- Exercise prompt
Your output is to hold only the lines from the one showing "전 아내의 두 손을 잡으며 말합니다." through the end of the listing, exactly, with every picture excluded.

- Data for the task
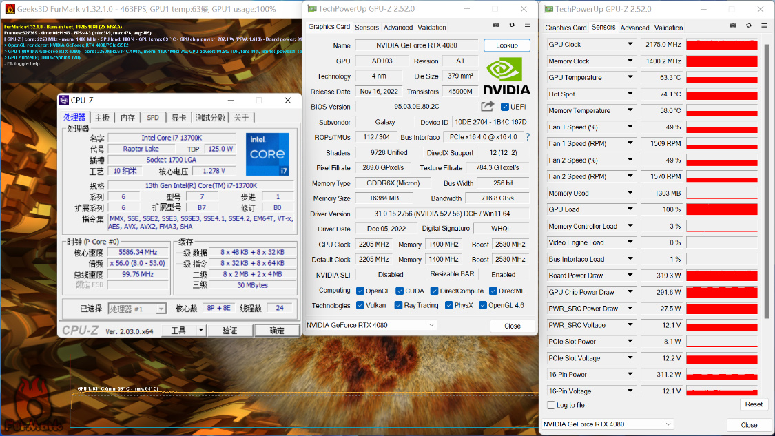 FurMark显卡烤机测试,烤机10Min,显卡温度为63°左右,显卡功耗为320W左右;
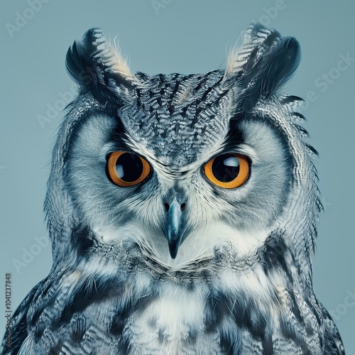Captivating portrait of a majestic owl with striking orange eyes in a professional studio setting, showcasing intricate feather details and a calm, wise demeanor.
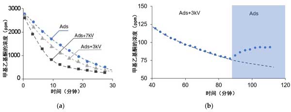 圖4:(a)在不存在和存在電場(chǎng)的情況下,甲基乙基酮的濃度。(b)在先打開(kāi)然后關(guān)閉電場(chǎng)的測(cè)試中,甲基乙基酮濃度。
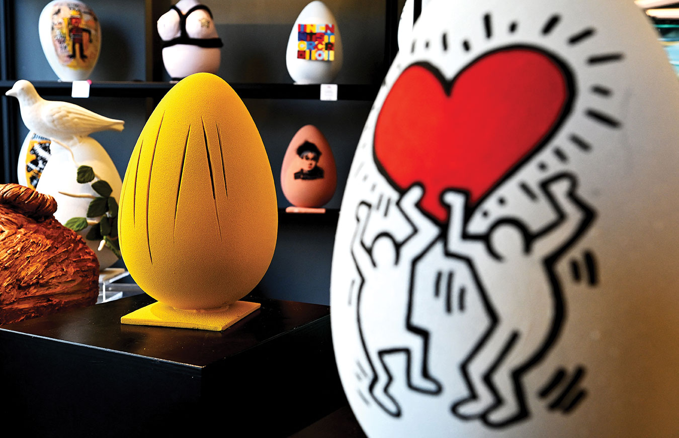 Chaque œuf en chocolat est sculpté en hommage à un artiste choisi par le maître des lieux, Walter Musco, un Romain de 47 ans sanglé dans sa veste immaculée qui déambule avec nonchalance au milieu de ses créations: deux personnages de Keith Haring s'agitent sous un cœur, un œuf jaune tournesol est orné d'incisions comme les toiles du peintre argentin Lucio Fontana, une colombe s'est échappée d'une photo de l'Américain Robert Mapplethorpe.
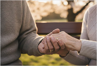 전 아내의 두 손을 잡으며 말합니다.
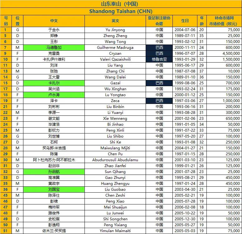 北京时间2月5日,德国转会市场中国区管理员朱艺发布最新的亚冠精英赛名单更新,山东泰山队进行了五名球员的调整,确认了两名新外援卡扎尔和马德鲁加的号码,同时本土球员卢永涛、孙启航和刘国宝也入选名单,而德尔加多、童磊、廖力生等人则被撤销报名。下一场比赛中,泰山队将于2月11日在主场迎战光州FC,而对手的名单调整更为明显,新增了11名球员,其中包括两名新外援,使得球队的外援总数增至四人。
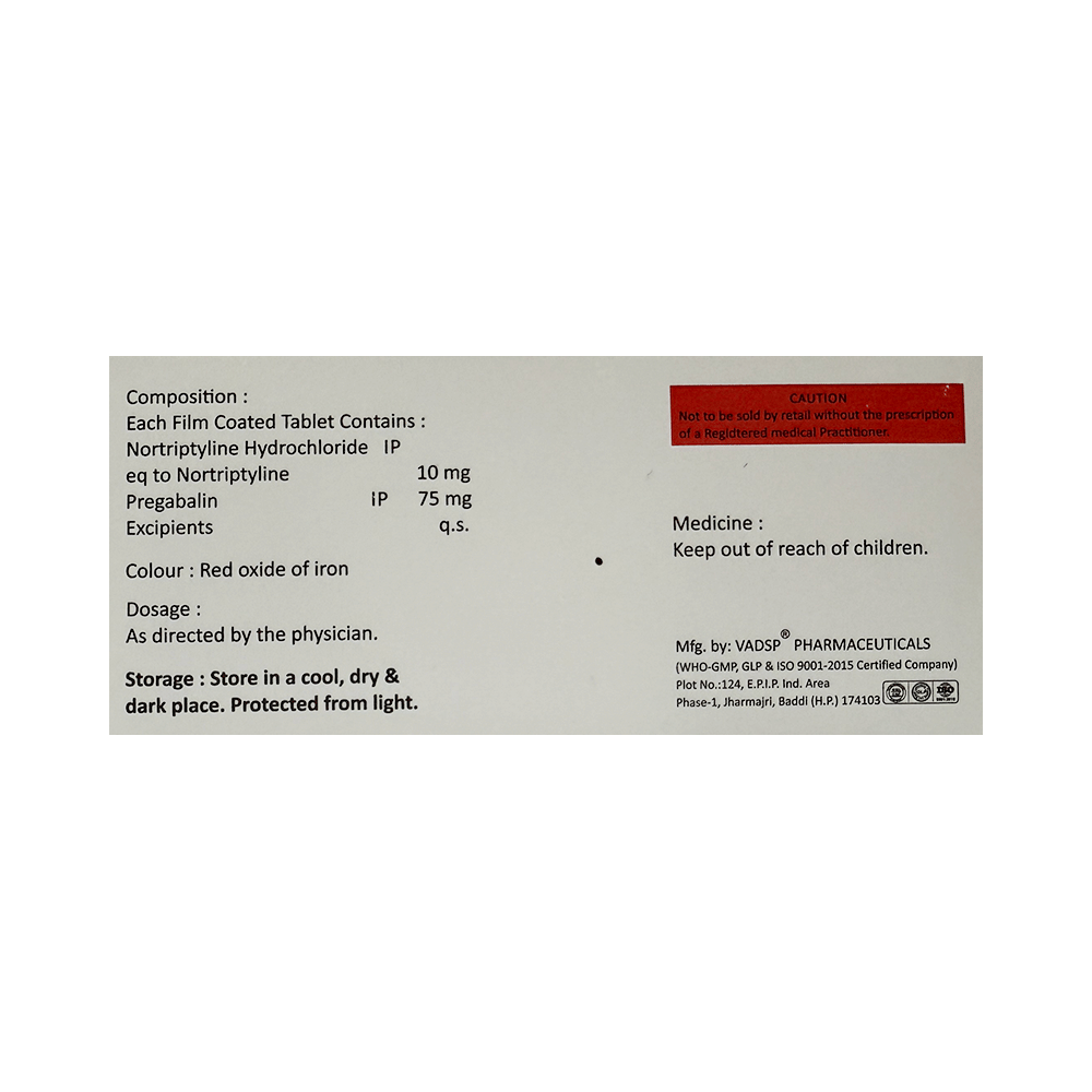 Salt Composition: Pregabalin (75mg) + Nortriptyline (10mg)

- Answer for this exercise
 전 아내의 두 손을 잡으며 말합니다.
 北京时间2月5日,德国转会市场中国区管理员朱艺发布最新的亚冠精英赛名单更新,山东泰山队进行了五名球员的调整,确认了两名新外援卡扎尔和马德鲁加的号码,同时本土球员卢永涛、孙启航和刘国宝也入选名单,而德尔加多、童磊、廖力生等人则被撤销报名。下一场比赛中,泰山队将于2月11日在主场迎战光州FC,而对手的名单调整更为明显,新增了11名球员,其中包括两名新外援,使得球队的外援总数增至四人。
 Salt Composition: Pregabalin (75mg) + Nortriptyline (10mg)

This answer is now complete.